U.S. Fish and Wildlife Director Dies

U.S. Fish and Wildlife Director Sam Hamilton passed away suddenly this past Saturday.

Hamilton’s 30-year career with Fish & Wildlife—one that started when he was a teen with a curiosity about nature sparked by building waterfowl pens and banding ducks and geese—included a stint on the Young Adult Conservation Corps, a dozen years as director of FWS’ Southeast Region, and most recently, six months as one of President Obama’s top nature and environment guys.

Some highlights of his three decades at FWS (from his Department of the Interior bio and testimony before the Senate Environment and Public Works Committee last July) include:

- working to protect 350 endangered/threatened species and overseeing more than 120 wildlife sanctuaries
- a carbon sequestration program that restored 80,000 acres
- establishing the Southeast Aquatic Resources Partnership, a collaboration of 14 southern states—Alabama, Arkansas, Florida, Georgia, Kentucky, Louisiana, Mississippi, Missouri, North Carolina, Oklahoma, South Carolina, Tennessee, Texas and Virginia—to protect and improve aquatic habitats
- overseeing Everglades recovery and restoration after Hurricanes Katrina and Rita

He worked by the philosophy, “As the wildlife goes, so goes the nation,” expressing to the Senate Committee last July his concerns and ideas about how climate change is affecting wildlife and birds.

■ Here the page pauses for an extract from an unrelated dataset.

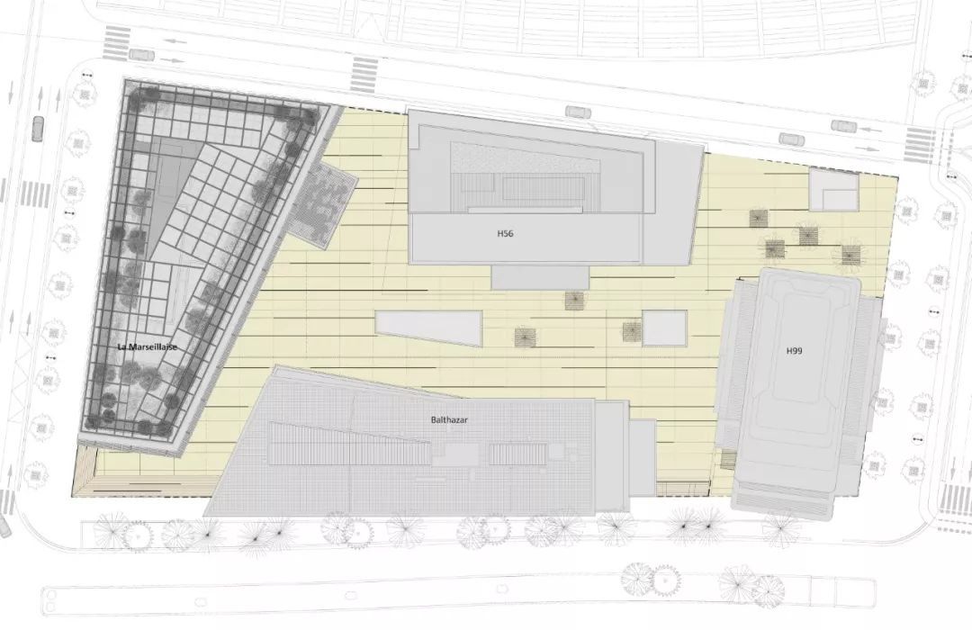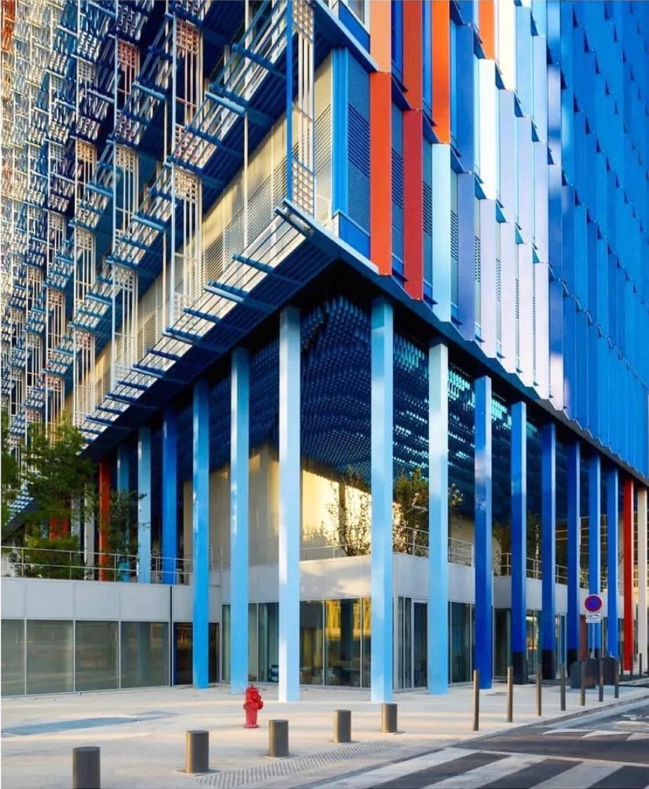 La Marseillaise 是法國國歌的名字,又名為馬賽曲,這棟大樓的外牆表皮的設計以法國國旗的顔色:紅、白、藍為主調。

“We now have incontrovertible evidence that many species of America’s birds are in serious trouble,” he said, referring to the 2009 State of the Birds report, on which the National Audubon Society collaborated. But, he concluded, “bird populations show amazing resilience and ability to recover when the health of their habitat is sustained or restored.”

Hamilton was just 54. He died after suffering from chest pains while skiing, according to the Associated Press.